The mutation that impairs transport activity is
not limited to the COOH-terminal region; TMs 4, 5, 7, and 8 and the
NH-terminal or other hydrophilic regions are also
implicated in studies on Glut1 and Glut2 of mammalian glucose
transporters(28, 29, 30, 31, 32, 33) ,
Hup1 glucose transporter of Chlorella(34) , Snf3
glucose transporter of S. cerevisiae(35) , and KgtP
-ketoglutarate transporter of E. coli(27) . In
view of these results, it seems reasonable to assume as a working
hypothesis that more than one region is necessary for the substrate
recognition and that the COOH-terminal region we identified may
contribute to the recognition of the structure around C-4 of hexoses,
where D-glucose and D-galactose are epimeric.
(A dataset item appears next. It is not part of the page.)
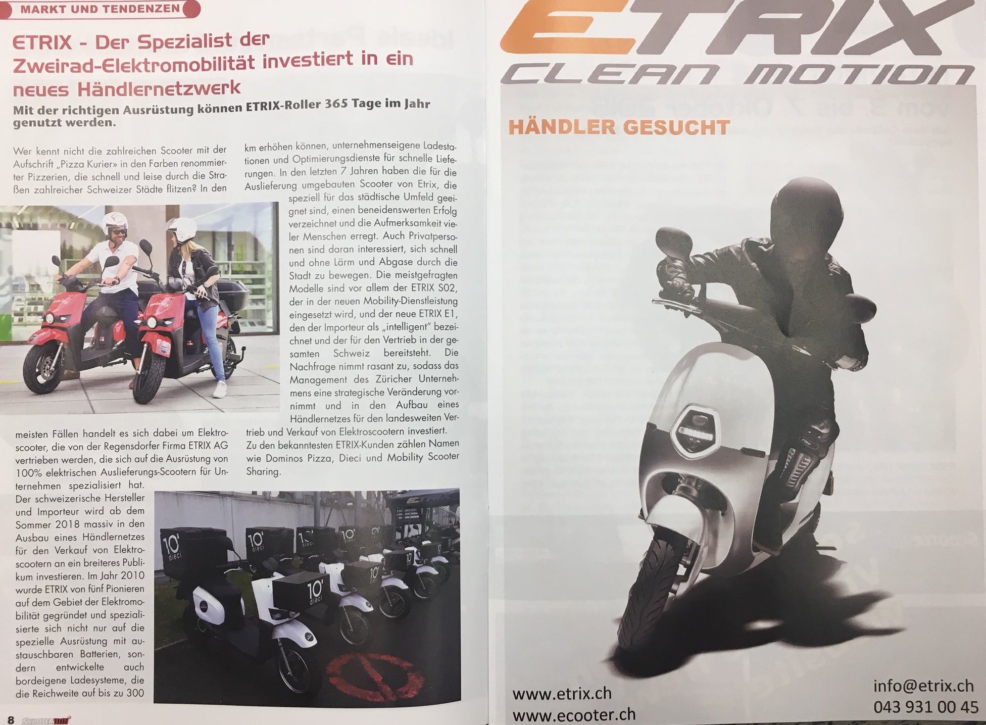 Bereits länger auf dem Markt ist die Firma ETRIX in der Schweiz. Mit zeitgemässen und leistungsstarken E-Scootern bietet ETRIX ein innovatives, nachhaltiges und zugleich erschwingliches Produkt an. Elektroroller sind zukunftsweisende Fahrzeuge mit Vorteilen besonders im urbanen Raum und auf kurzen oder mittleren Strecken.

It is
also possible that there are two substrate binding sites(11) ,
the COOH-terminal region and the other region (possibly including TMs
4, 5, 7, and 8), where the former site recognizes C-4 position but the
latter site recognizes different portion(s) of hexoses. If this is the
case, Hxt2 would have provided in place of Gal2 the other binding site
in transport-active chimeric transporters. A wide variety of chimera
analysis using transporters of different substrate specificities will
contribute to clarify this essential subject in transport studies.